In the entries that follow, find the line containing "Sheetify - Task" and the line containing "三色丼 (そぼろ・ごま和え) 牛乳 けんちん汁", then retype exactly the lines from the first through the second, pictures excluded.

> **Material supplied**:
----------------------------------------

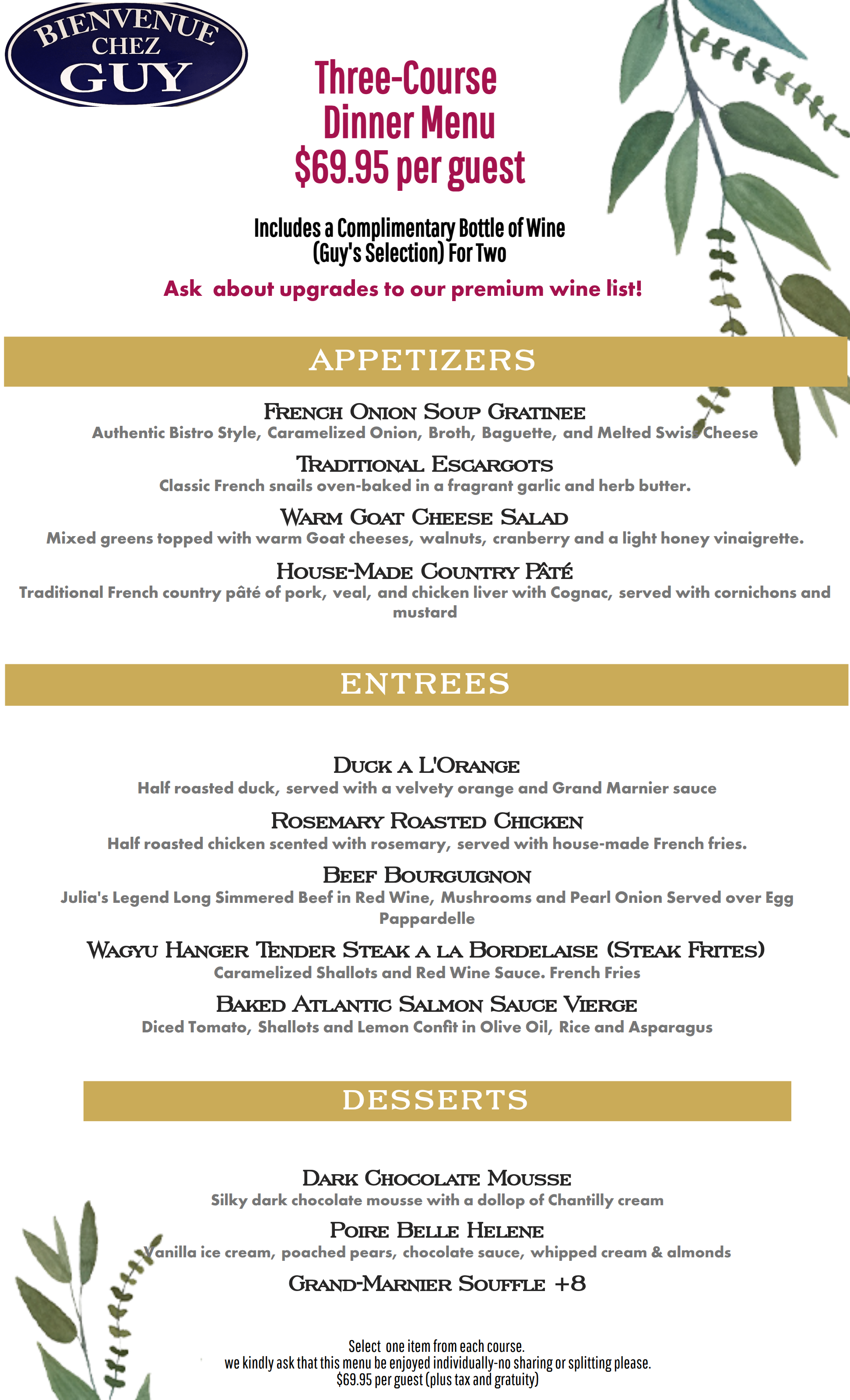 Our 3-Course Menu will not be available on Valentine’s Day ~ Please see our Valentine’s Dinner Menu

----------------------------------------

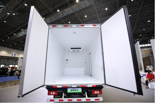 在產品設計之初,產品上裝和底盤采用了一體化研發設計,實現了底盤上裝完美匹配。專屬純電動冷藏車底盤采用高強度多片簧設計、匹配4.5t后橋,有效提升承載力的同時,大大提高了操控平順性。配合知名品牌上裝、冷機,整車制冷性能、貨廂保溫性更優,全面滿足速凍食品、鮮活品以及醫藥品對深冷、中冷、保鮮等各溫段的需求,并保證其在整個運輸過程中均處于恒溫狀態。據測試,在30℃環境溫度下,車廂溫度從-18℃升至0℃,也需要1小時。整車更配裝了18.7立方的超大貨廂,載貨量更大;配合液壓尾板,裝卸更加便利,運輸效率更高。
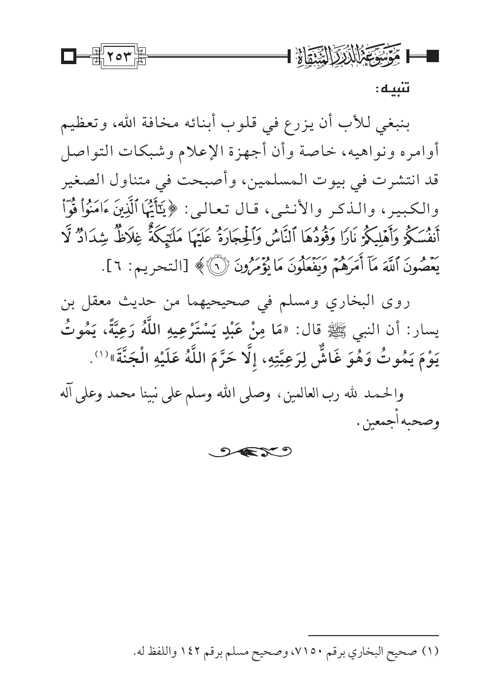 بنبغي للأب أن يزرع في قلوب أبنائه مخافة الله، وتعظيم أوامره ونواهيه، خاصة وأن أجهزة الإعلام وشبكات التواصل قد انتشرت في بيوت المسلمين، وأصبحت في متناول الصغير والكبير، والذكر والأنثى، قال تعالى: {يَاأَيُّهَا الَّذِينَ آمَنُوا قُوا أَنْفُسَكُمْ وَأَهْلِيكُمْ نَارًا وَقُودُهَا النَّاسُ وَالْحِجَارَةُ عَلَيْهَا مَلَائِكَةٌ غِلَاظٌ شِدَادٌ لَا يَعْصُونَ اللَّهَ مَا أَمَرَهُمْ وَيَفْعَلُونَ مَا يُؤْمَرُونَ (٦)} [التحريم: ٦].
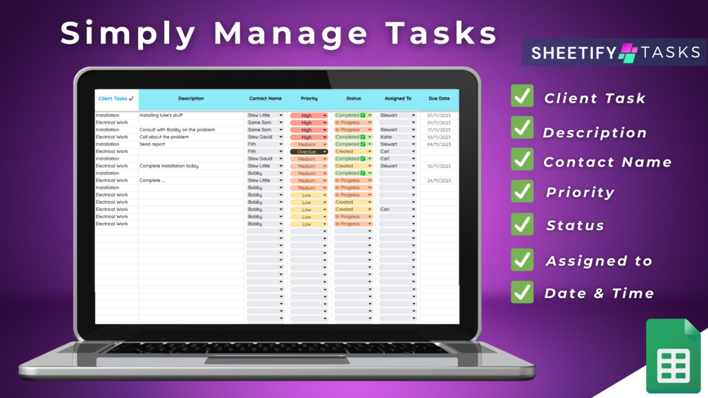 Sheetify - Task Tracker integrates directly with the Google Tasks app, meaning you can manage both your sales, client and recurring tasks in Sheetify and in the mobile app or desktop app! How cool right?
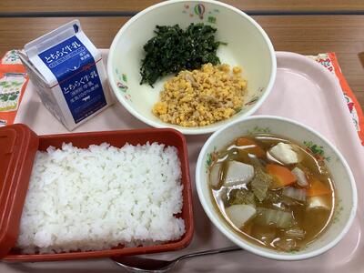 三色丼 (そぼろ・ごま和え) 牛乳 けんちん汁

----------------------------------------

> **Output for this task**:
 Sheetify - Task Tracker integrates directly with the Google Tasks app, meaning you can manage both your sales, client and recurring tasks in Sheetify and in the mobile app or desktop app! How cool right?
 三色丼 (そぼろ・ごま和え) 牛乳 けんちん汁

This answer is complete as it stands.